→ WHAT THIS TASK INVOLVES: Reproduce the lines of the material exactly, excluding every image.

→ EXTRACTED DATA:
-- Opening Marker --

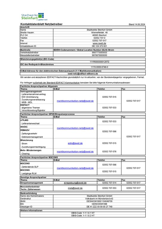 Kontaktdatenblatt Strom NB
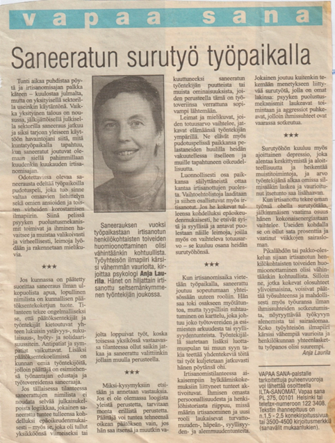 Osallistuin Tampereen yliopistossa lisensiaattiseminaariin ja siellä keskusteltiin, miten julmaa on se että työpaikasta joutuvat irtisanotut lähtemään samana päivänä eivätkä saa olla irtisanomisaikaa töissä. Olin hämmästynyt osallistujien ja professorien tietämättömyydestä ja päätin levittä tietoa, joka vähentää kärsimystä. Niealaisin häpeäntunteeni ja valitsin foorumikseni Iltasanomat.
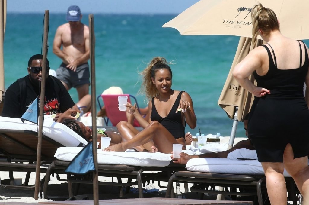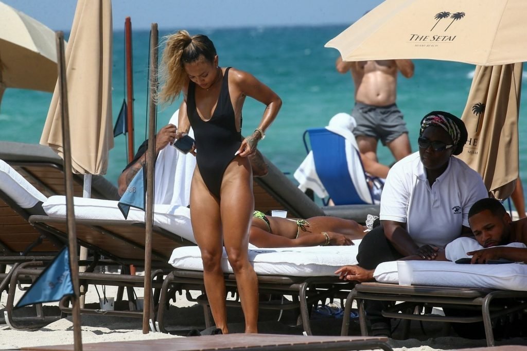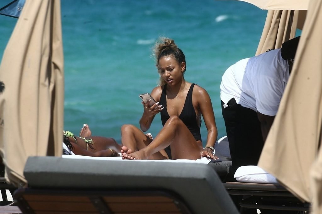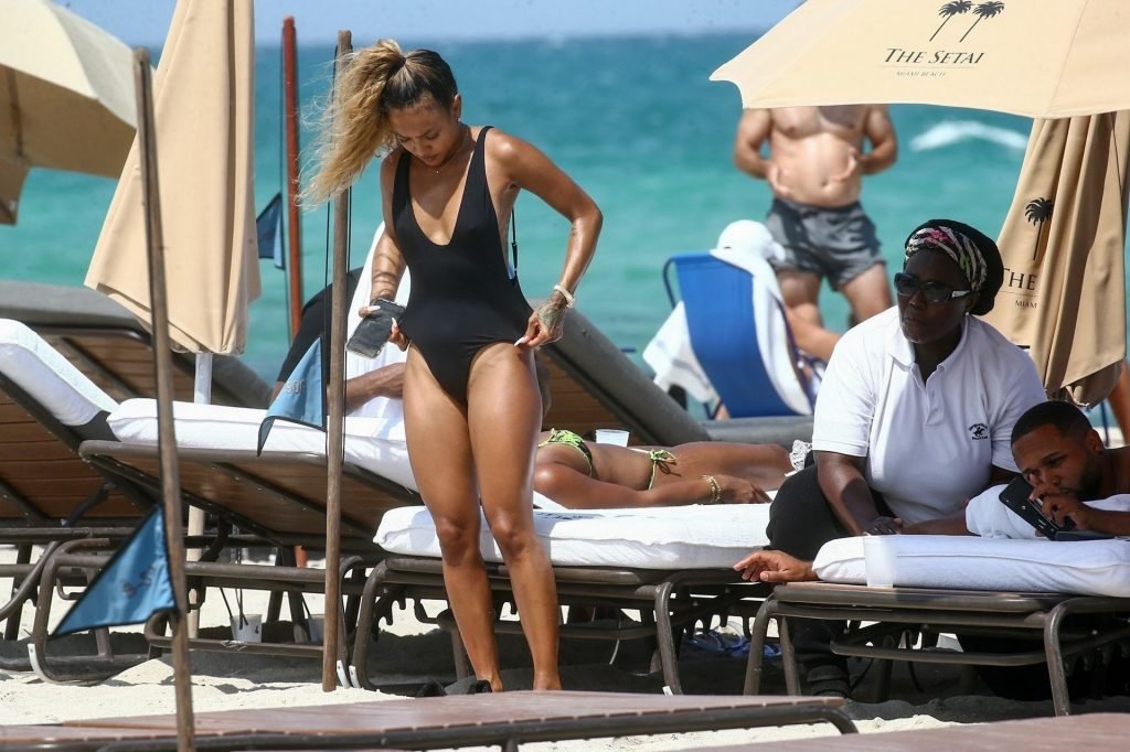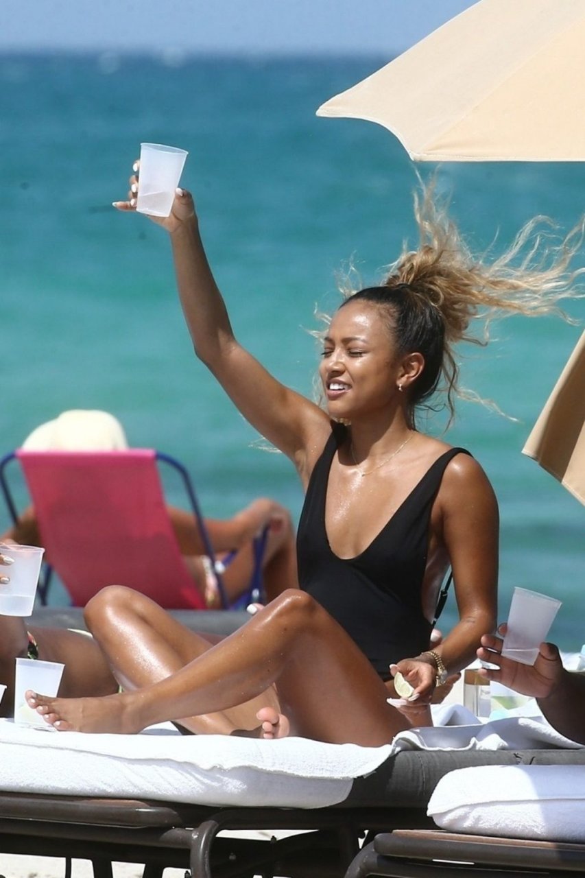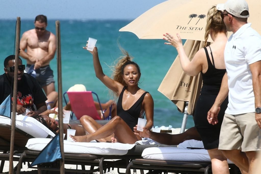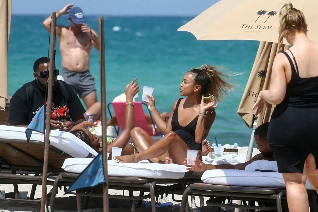 Karrueche Tran disfruta de una bebida mientras toma el sol durante un divertido viaje a la playa en Miami con amigos, 13/05/2019. Karrueche, quien actualmente protagoniza a Virginia en ‘Claws’ de TNT, mostró sus curvas con un traje de baño negro de una pieza, revelando todo su arduo trabajo en el gimnasio mientras los paparazzi tomaban fotos.
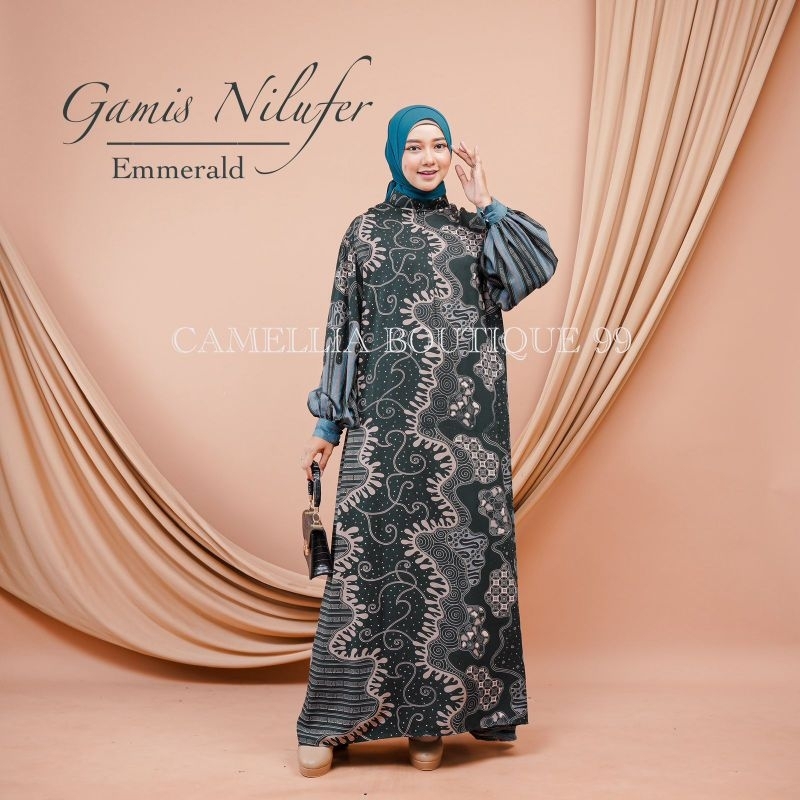 GAMIS NILUFER TERACOTA LENGAN BALON PREMIUM JUMBO BUSUI
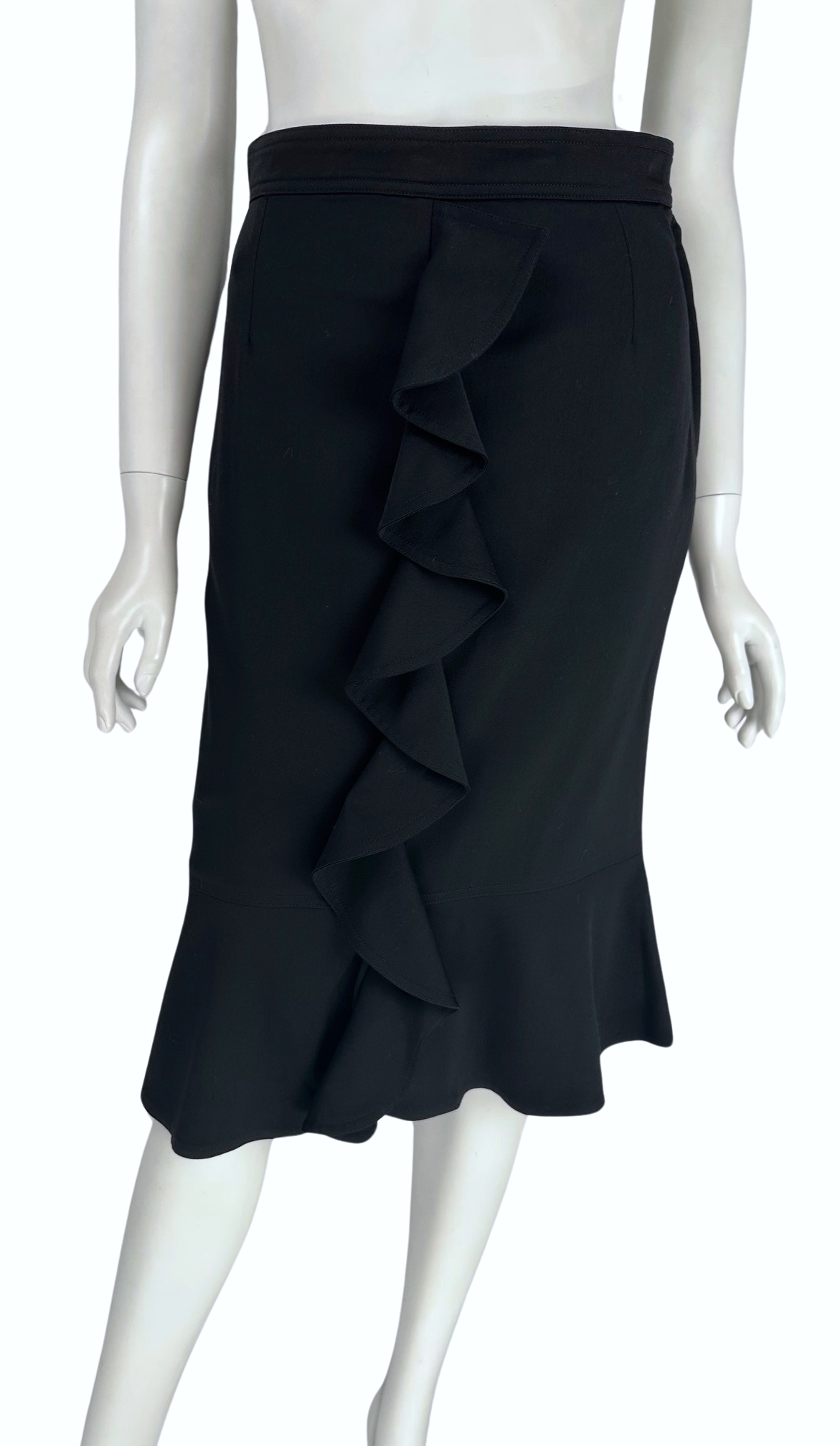 "Czarna wełniana spódnica, vintage, prosty krój, dekoracyjna falbana na przodzie oraz na zakończeniu, długość do kolan, wysoki stan, zapinana na metalowy logowany zamek oraz guzik z boku. Rozmiar z metki FR 38. Skład: 98% wełna, 2% elastan.

-- Closing Marker --

→ OUTPUT FOR THIS TASK:
 Kontaktdatenblatt Strom NB
 Osallistuin Tampereen yliopistossa lisensiaattiseminaariin ja siellä keskusteltiin, miten julmaa on se että työpaikasta joutuvat irtisanotut lähtemään samana päivänä eivätkä saa olla irtisanomisaikaa töissä. Olin hämmästynyt osallistujien ja professorien tietämättömyydestä ja päätin levittä tietoa, joka vähentää kärsimystä. Niealaisin häpeäntunteeni ja valitsin foorumikseni Iltasanomat.
 Karrueche Tran disfruta de una bebida mientras toma el sol durante un divertido viaje a la playa en Miami con amigos, 13/05/2019. Karrueche, quien actualmente protagoniza a Virginia en ‘Claws’ de TNT, mostró sus curvas con un traje de baño negro de una pieza, revelando todo su arduo trabajo en el gimnasio mientras los paparazzi tomaban fotos.
 GAMIS NILUFER TERACOTA LENGAN BALON PREMIUM JUMBO BUSUI
 "Czarna wełniana spódnica, vintage, prosty krój, dekoracyjna falbana na przodzie oraz na zakończeniu, długość do kolan, wysoki stan, zapinana na metalowy logowany zamek oraz guzik z boku. Rozmiar z metki FR 38. Skład: 98% wełna, 2% elastan.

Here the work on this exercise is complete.